[[ Data listing, beginning ]]

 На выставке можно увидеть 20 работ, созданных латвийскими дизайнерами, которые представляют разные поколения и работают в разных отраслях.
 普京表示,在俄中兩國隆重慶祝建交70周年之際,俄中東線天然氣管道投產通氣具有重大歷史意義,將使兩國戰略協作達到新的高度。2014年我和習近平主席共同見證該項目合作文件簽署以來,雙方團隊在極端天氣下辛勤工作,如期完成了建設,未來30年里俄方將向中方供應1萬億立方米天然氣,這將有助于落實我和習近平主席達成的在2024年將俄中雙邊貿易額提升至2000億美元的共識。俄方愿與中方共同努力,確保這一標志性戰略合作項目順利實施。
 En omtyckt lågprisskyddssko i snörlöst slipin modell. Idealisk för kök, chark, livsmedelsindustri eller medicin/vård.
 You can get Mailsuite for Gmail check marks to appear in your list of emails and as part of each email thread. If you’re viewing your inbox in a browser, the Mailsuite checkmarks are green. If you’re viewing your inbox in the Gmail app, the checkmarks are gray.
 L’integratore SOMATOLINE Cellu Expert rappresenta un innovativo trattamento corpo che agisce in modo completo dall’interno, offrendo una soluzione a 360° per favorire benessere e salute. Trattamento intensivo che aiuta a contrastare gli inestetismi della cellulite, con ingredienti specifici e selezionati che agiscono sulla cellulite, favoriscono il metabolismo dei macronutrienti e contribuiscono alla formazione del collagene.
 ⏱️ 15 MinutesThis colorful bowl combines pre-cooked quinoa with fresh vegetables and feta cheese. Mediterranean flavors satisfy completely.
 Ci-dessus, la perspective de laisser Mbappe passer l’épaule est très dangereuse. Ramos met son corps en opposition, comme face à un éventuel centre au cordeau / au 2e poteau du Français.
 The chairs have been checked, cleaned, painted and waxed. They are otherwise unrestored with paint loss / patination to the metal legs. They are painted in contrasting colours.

[[ Data listing, end ]]
[[ Data listing, beginning ]]

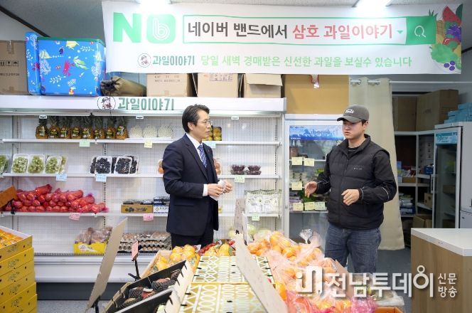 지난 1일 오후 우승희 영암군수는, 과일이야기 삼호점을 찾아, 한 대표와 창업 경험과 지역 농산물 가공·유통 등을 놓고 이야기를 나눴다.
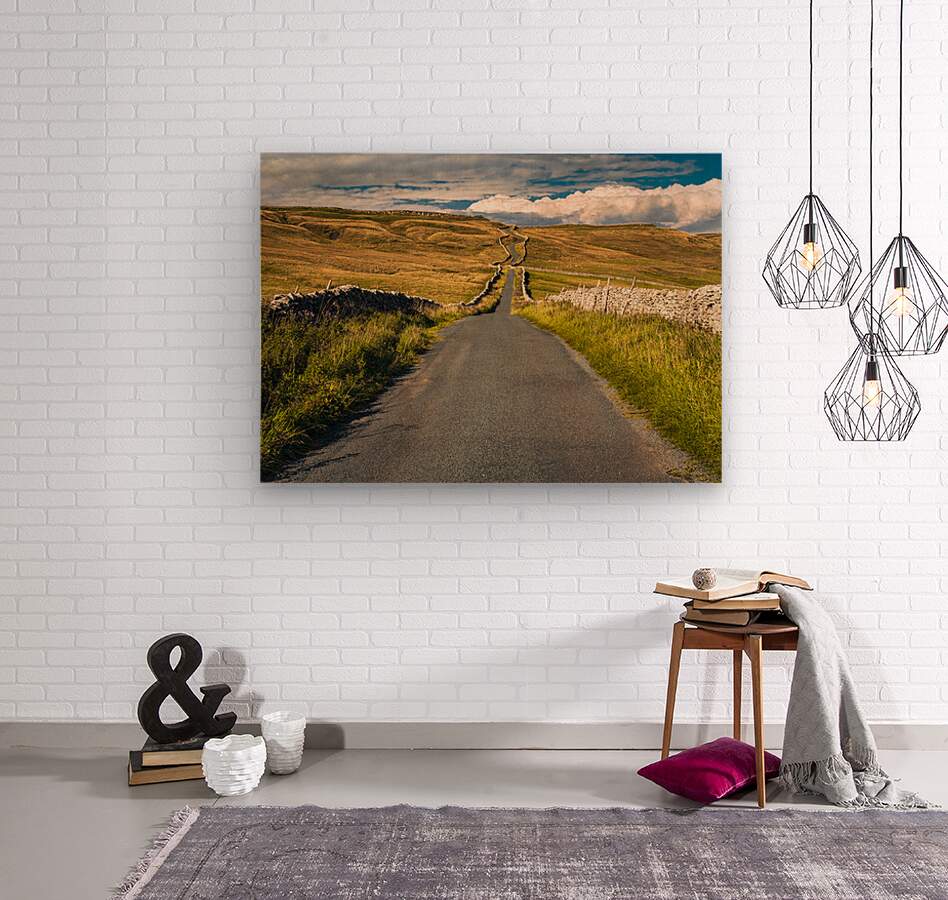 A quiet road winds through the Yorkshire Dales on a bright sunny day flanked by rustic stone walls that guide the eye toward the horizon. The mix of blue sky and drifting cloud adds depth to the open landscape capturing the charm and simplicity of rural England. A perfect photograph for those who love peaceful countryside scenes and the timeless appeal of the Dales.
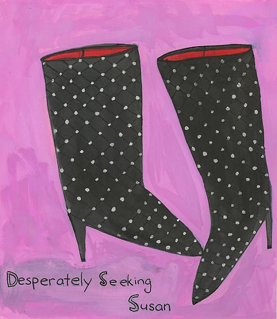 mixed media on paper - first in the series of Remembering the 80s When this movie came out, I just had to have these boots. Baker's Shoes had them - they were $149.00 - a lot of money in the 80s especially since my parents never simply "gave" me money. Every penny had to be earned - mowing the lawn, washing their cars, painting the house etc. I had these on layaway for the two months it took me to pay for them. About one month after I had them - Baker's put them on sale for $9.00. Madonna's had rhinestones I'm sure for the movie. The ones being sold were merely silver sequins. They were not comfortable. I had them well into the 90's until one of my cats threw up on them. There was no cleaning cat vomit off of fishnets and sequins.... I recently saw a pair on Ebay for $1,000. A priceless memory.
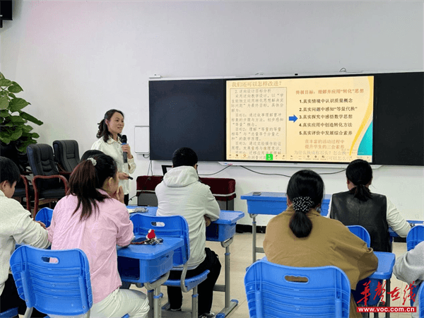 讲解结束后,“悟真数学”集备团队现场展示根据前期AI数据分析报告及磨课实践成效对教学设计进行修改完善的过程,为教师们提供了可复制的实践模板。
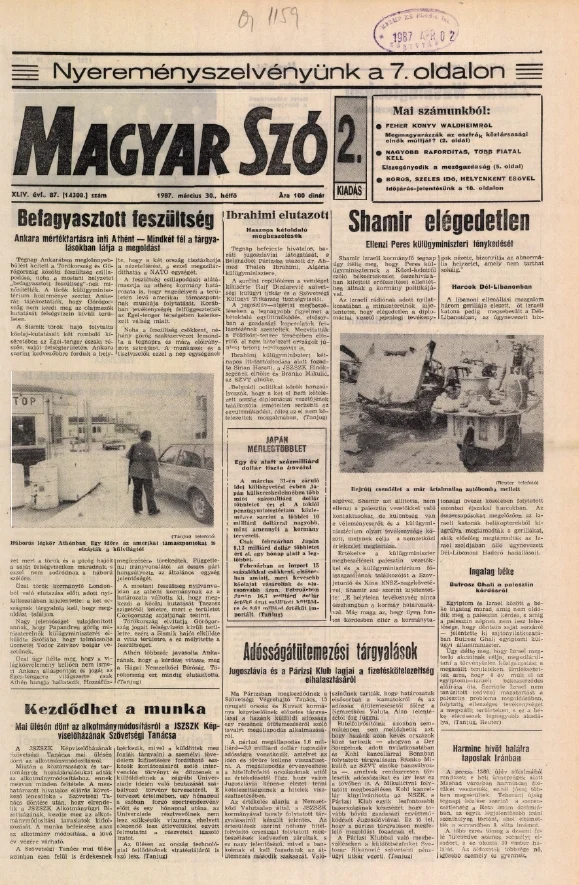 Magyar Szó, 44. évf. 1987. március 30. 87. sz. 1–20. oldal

[[ Data listing, end ]]
[[ Data listing, beginning ]]

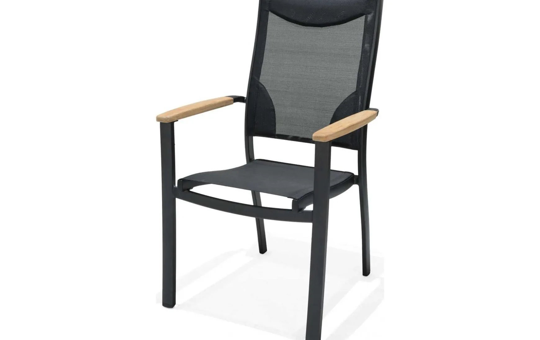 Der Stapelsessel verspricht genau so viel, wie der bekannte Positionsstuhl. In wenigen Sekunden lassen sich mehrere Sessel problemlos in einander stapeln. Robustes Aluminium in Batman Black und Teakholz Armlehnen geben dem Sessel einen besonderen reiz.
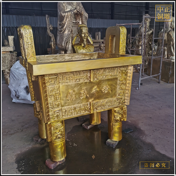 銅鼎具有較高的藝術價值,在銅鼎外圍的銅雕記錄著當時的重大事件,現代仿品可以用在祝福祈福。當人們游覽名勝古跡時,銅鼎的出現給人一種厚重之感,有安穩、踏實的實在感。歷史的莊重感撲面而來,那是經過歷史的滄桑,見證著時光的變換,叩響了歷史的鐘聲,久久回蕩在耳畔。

[[ Data listing, end ]]

** What you should do **
Send back an exact copy of only the lines from the line with "На выставке можно" up to and including the line with "En omtyckt lågprisskyddssko" in the data above.

** Response to the task **
 На выставке можно увидеть 20 работ, созданных латвийскими дизайнерами, которые представляют разные поколения и работают в разных отраслях.
 普京表示,在俄中兩國隆重慶祝建交70周年之際,俄中東線天然氣管道投產通氣具有重大歷史意義,將使兩國戰略協作達到新的高度。2014年我和習近平主席共同見證該項目合作文件簽署以來,雙方團隊在極端天氣下辛勤工作,如期完成了建設,未來30年里俄方將向中方供應1萬億立方米天然氣,這將有助于落實我和習近平主席達成的在2024年將俄中雙邊貿易額提升至2000億美元的共識。俄方愿與中方共同努力,確保這一標志性戰略合作項目順利實施。
 En omtyckt lågprisskyddssko i snörlöst slipin modell. Idealisk för kök, chark, livsmedelsindustri eller medicin/vård.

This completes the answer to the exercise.